On Sunday, July 18, 2010 11:59:41 am Martin Gamsjaeger wrote:
> I think the motivation behind DM not raising an exception on any save
> failure by default is a very simple and intuitive one.
> 
> DM cannot assume to know exactly when a failing save can really be
> considered *exceptional* behavior.

Really?

irb(main):001:0> 1/0
ZeroDivisionError: divided by 0
        from (irb):1:in `/'
        from (irb):1
        from /home/ruby19/bin/irb:12:in `<main>'

Who is the core library to say that this is an exception? Why not just create 
an "Indefinite" constant and return that? Or take the limit and return 
Infinity?

Because it IS exceptional behavior. If it's not, that's why we have catch -- 
and there are things we can do to avoid the exception. For example, in this 
case, I could've simply checked myself if it was 0 and done something else.

> Rather than forcing the user to
> treat every single save failure as an exception (which simply isn't
> true), it decided to inform users in a friendly and more quiet way,

I'm sorry, no, it's not "more friendly" to force me to revert to C-style code, 
where I have to check the return value of every other function to make sure 
something didn't fail.

Things should fail early and noisily. If it truly wasn't exceptional behavior, 
that's OK, I can deal with that. The minor irritation of occasionally having 
to deal with an exception is well worth avoiding SILENTLY IGNORED ERRORS, 
which is what DM's default behavior entails.

> that doesn't involve the overhead of raising an exception either.

This might be a valid reason. I can also see cases like make_resourceful, 
where it's nice to be able to do this:

if current_object.save
  ...
else
  ...

So yes, it makes library code mildly nicer, at the cost of making application 
code much more difficult to debug. I don't think that's a good trade, 
especially considering that it actually makes things worse, if people were to 
ever actually use raise_on_save_failure. Now, instead of my library code 
looking like this:

begin
  current_object.save
  ...
rescue whatever
  ...
end

It'd look like this:

old_rosf = current_object.raise_on_save_failure
if current_object.save
  save_successful!
else
  save_failed!
end
current_object.raise_on_save_failure = old_rosf

Wait, that's the naive, non-threadsafe way to do it. Guess I have no choice 
but to do it like this:

if current_object.raise_on_save_failure
  begin
    current_object.save
    save_successful!
  rescue whatever
    save_failed!
  end
elsif current_object.save
  save_successful!
else
  save_failed!
end

This is, bar none, my least favorite thing about DataMapper. I think I might 
turn raise_on_save_failure on globally and see what breaks. Short of that, 
I've actually written code like this:

module Base
  def self.included klass
    klass.class_eval do
      include DataMapper::Resource
      include ClassMethods
    end
  end
  ...

  # And now, how save should have worked:
  def store
    save || raise "Save failed!"
  end
  def store!
    save
  end
  def store!!
    save!
  end
end


That way, I can safely use plugins which assume the default behavior, but 
(hopefully) my own code will be somewhat safe.
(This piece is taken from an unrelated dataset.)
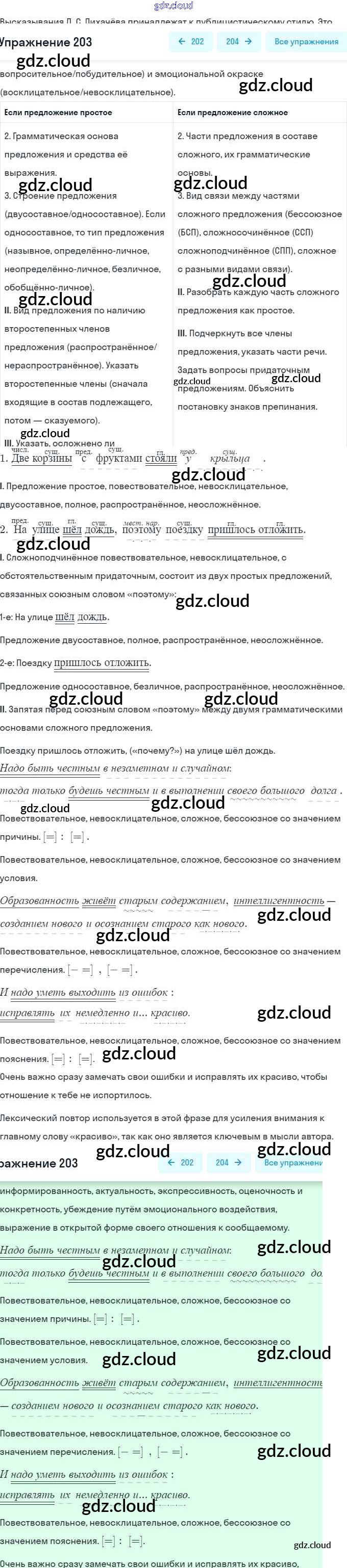 Ответ на задание 203 Учебник Русский язык за 9 (девятый) класс Рыбченкова, Александрова, Загоровская, Нарущевич УМК 2018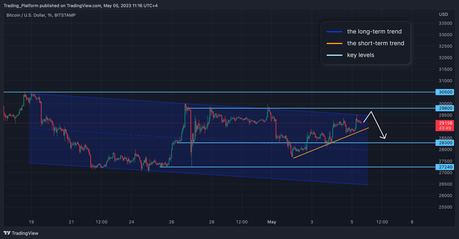 Bitcoin (BTC/USD): Tato kryptoměna je na 1hodinovém grafu v dlouhodobém klesajícím trendovém kanálu a krátkodobě jsme v rostoucím trendu. Cena konsoliduje u klíčové hladiny 29800, což je horní linie klesajícího kanálu. Při nevydařeném proražení nad tuto hladinu bychom mohli oslabit k hladině 28300. Dokud jsme pod hladinou 29800, mohli bychom hledat short příležitosti.

But please, please make it the default, and provide a _separate_method_ for 
people to use when they want true/false returned, preferably something that 
makes it obvious how dangerous it is. Think about it -- the current behavior 
is effectively setting whether saves are exceptional based on the object (or 
class, or application), and not on the context -- but it's the context which 
defines how errors are handled, if, indeed, they're handled at all.

Or does anyone, ever, think something like this is a good idea:

u = User.new
u.name = 'John Smith'
u.save
puts 'Saved successfully! (I hope.)'

...really? Would you ever just blindly fire off a save and not care whether it 
succeeded or not?

Then why does your public API encourage this by making it so easy to do, even 
by accident?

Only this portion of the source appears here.